* HOW TO COMPLETE THIS TASK *
Nothing but the lines below, from the first through the line containing "The Straight Shooter is", should be set down, each one exactly and without pictures.
++++++++++++++++++++
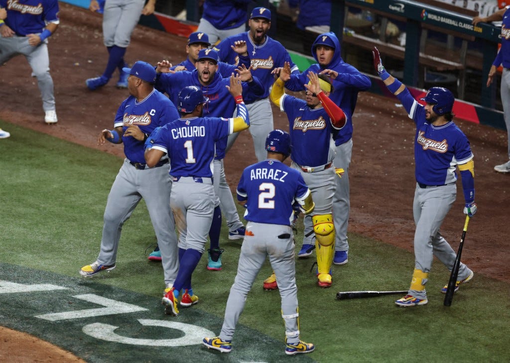 - Ronald Acuña Jr., Maikel García y Luis Arráez conectaron sencillos productores de carrera con dos outs en un rally en la séptima entrada que llevó a Venezuela a vencer 4-2 a Italia el lunes por la noche y a avanzar a su primer juego de campeonato del Clásico Mundial de Béisbol.
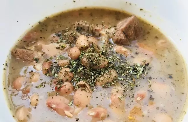 Фасулът се вари десетина минути в тенджера под налягане. След това в същия съд се запържва месото, добавя се лук и се поръсва с брашното.
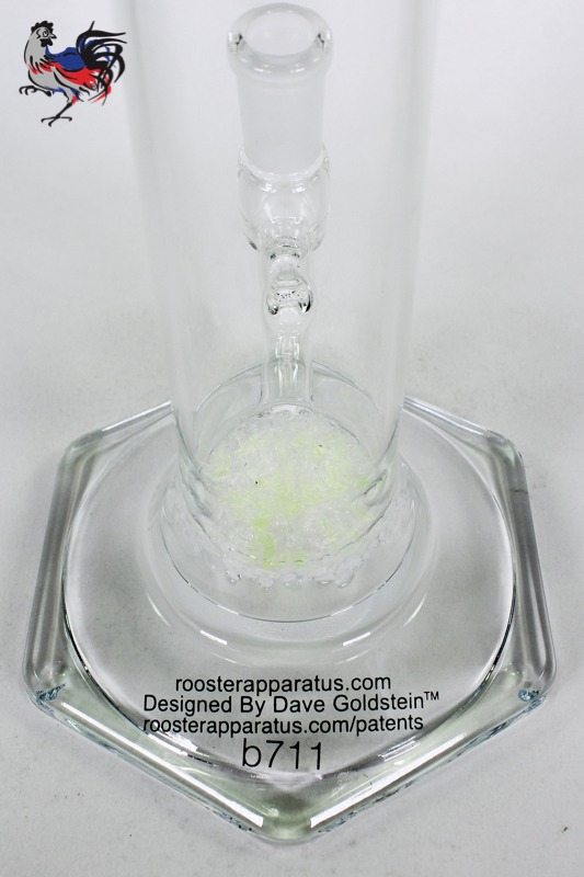 The Straight Shooter is designed for flower and concentrate consumption. This Rooster is built around our 38mm fritted disc and a 500ml hex foot. The Straight Shooter comes with a 14mm female (outer) ground joint and a 14mm bowl.
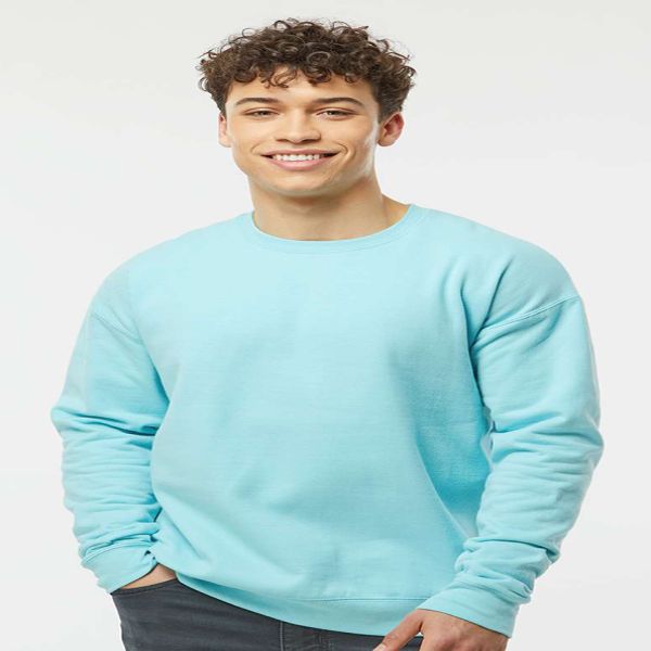 7.5 oz./yd2, 80/20 ring-spun cotton/polyester, 24 singles. Heather Grey is 75/25 ring-spun cotton/polyester. Forest, other Heathers, Light Pink, Maroon, Military Green, and Purple are 50/50 ring-spun cotton/polyester. Solid colors are 100% cotton face. Reactive-dyed for longer lasting color. Drop shoulder. Side seams. Ribbed neckline, cuffs and waistband with 5% spandex. Tear away label. USMCA certified.
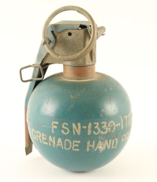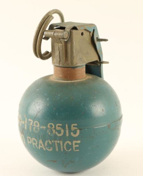 Made of cast iron and painted blue with a hole in the bottom. Reads ' FSN-1330-178-8515, Grenade Hand Practice'. Approx 2 1/2" dia. 3 1/2" h.
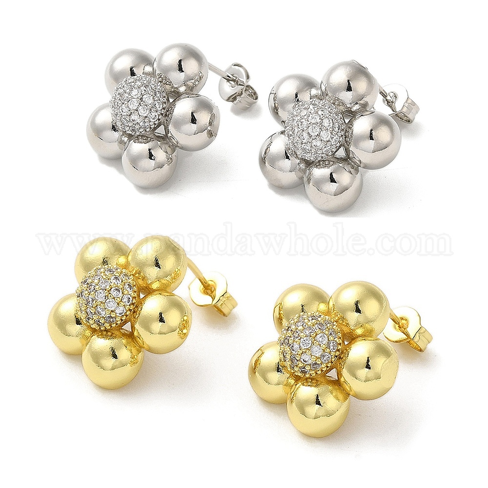 Женские серьги-гвоздики из латуни с микро-паве и цветочной стойкой из кубического циркония, долговечный, без свинца и без кадмия
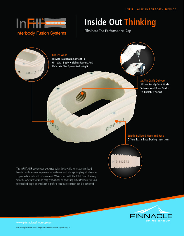 The InFill ALIF Spacer by Pinnacle Spine is a radiolucent PEEK spacer for use in the anterior lumbar interbody fusion procedure. The InFill system allows for post placement filling of the spacer via the graft delivery device.
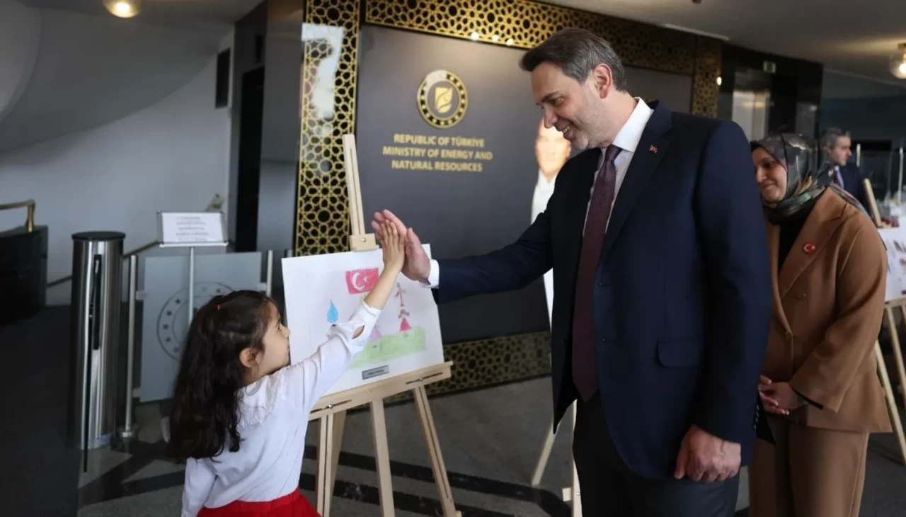 Enerji ve Tabii Kaynaklar Bakanı Alparslan Bayraktar, bakanlık tarafından 23 Nisan kapsamında düzenlenen “Enerji ve madencilik” temalı resim yarışmasına katılan çocuklarla buluştu. Çocukların eserlerinden oluşan sergiyi gezen Bayraktar, öğrencilerle sohbet ederek çizimlerinin hikâyelerini dinledi.
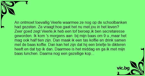Zeer goed zegt Veerle,ik heb een tof beroep,ik ben secretaresse geworden. Ik kom 's morgens aan bij mijn baas om 9 u.,maar het mag ook half tien zijn. Dan maak ik een tas koffie en drink samen met de baas koffie. Dan kan het zijn dat hij een briefje te dikteren heeft en dat typ ik dan. Daarmee is het middag en ga ik met mijn baas lunchen. Daarna nog een gezellige кор koffie en mischien heeft hij nog een briefje te dikteren dat ik dan typ. Dan ga ik met de baas dineren en daarna gaan we uit. En als het te laat wordt blijf ik bij de baas overnachten.
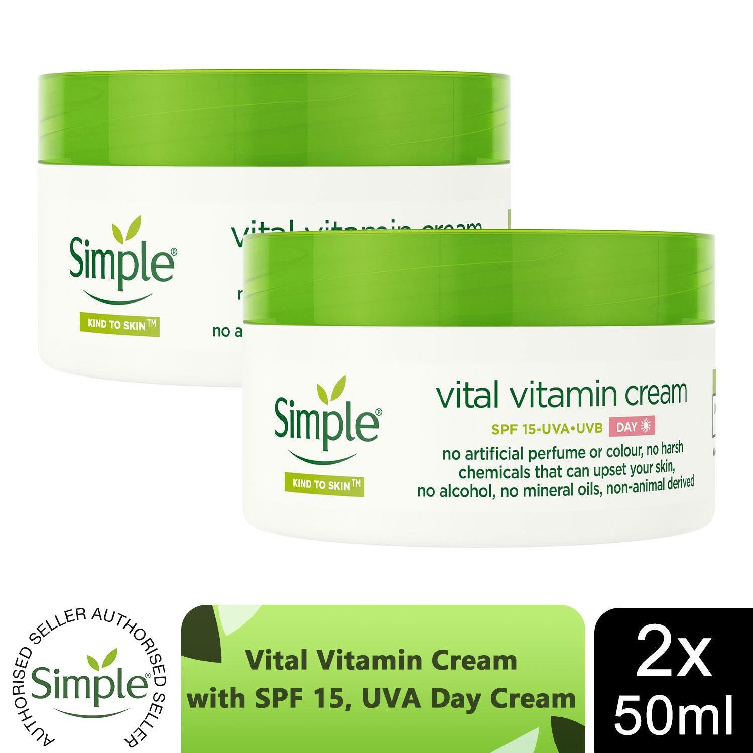 Simple Kind to Skin Face Cream - Day SPF15 or Night Cream, Hydrating 50ml,2 Pack
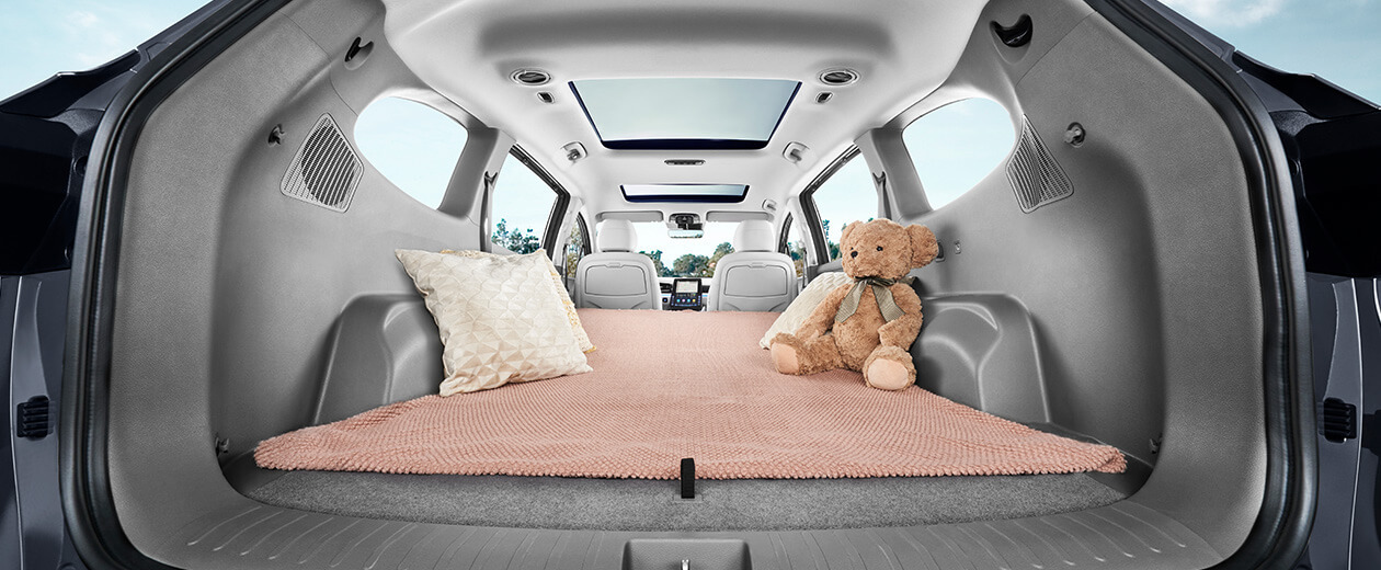 2열을 여유롭게 사용하면서 이 정도의 공간이라면 대형 SUV보다도 많은 용품을 수납할 수 있기 때문에 캠핑과 같은 환경에서 유용합니다.
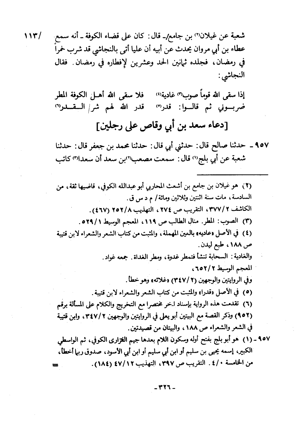 957 - حَدثنَا صَالح قَالَ حَدثنِي أبي قَالَ حَدثنَا مُحَمَّد بن جَعْفَر قَالَ حَدثنَا شُعْبَة عَن أبي بلج قَالَ سَمِعت مُصعب بن سعد أَن سَعْدا كَاتب
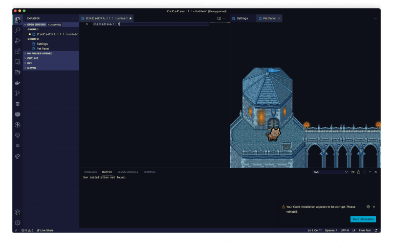 「vscode-pets」VSCode内でペットが飼えるプラグインだにゃ!!
++++++++++++++++++++
* WRITTEN RESPONSE *
 - Ronald Acuña Jr., Maikel García y Luis Arráez conectaron sencillos productores de carrera con dos outs en un rally en la séptima entrada que llevó a Venezuela a vencer 4-2 a Italia el lunes por la noche y a avanzar a su primer juego de campeonato del Clásico Mundial de Béisbol.
 Фасулът се вари десетина минути в тенджера под налягане. След това в същия съд се запържва месото, добавя се лук и се поръсва с брашното.
 The Straight Shooter is designed for flower and concentrate consumption. This Rooster is built around our 38mm fritted disc and a 500ml hex foot. The Straight Shooter comes with a 14mm female (outer) ground joint and a 14mm bowl.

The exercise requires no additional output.